# Was it worth it?



## HisMrs83 (Aug 8, 2011)

That is my question to you (the person reading this). Is love/marriage really worth the heartache that seems to be the end result based on this forum?

I fell for the only man I've ever dated or loved. Now, I'm considering divorcing him because I refuse to waste time, energy and emotions (further) on something my H should already know. Which is to love, honor, protect and respect your wife/family/household... And in the event that you can't, be honest and say so. That way, we can all bow out gracefully/RESPECTULLY.

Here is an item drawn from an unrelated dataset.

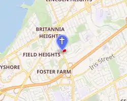 Rev Perry presided over the sod turning for the new Britannia United Church on Pinecrest Road, the former site of the Arkell farm.[27] The congregation moved to the present site on Pinecrest Road in November 1961.[28] Because of the lower elevation of the newer location, the church later dropped "Heights" from its name. Now lacking a congregation, the old building was later used to sell Macintosh & Watts china, to sell paintings, and as a construction shack until it was destroyed by fire in 1975.[11]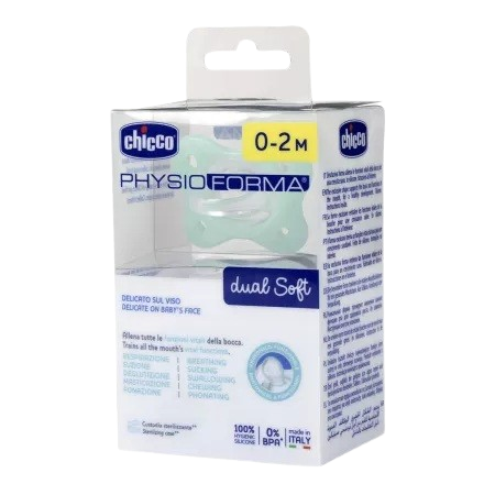 Suzeta anatomica Physioforma Dual Soft 0-2 luni, 1 bucata, Chicco ofera confort si sustine dezvoltarea naturala a gurii bebelusului.

I love hard but not often. I'm 29 and I've known my H since we were 11. I'm not broken by love. But I wouldn't marry again if I divorced.

I'm sure it's hard being a man. But women carry a very heavy responsibility.

If I walk away, I can live knowing I'm ONLY responsible for my child and myself.

So, again, I ask. Was it all worth it to you?


----------



## HerToo (Oct 3, 2011)

Is love worth it? Really? You're asking if love is a worthwhile pursuit despite knowing that the relationship will end no matter what? All marriages end. Be it by divorce or death. 

Do you no longer what to receive or give love? You're young, and have many years to live yet. Many of us run the risk of living the "half lived life". Some of us already have because we never learned early enough to prevent it from happening. Do you want to live a less than half lived life?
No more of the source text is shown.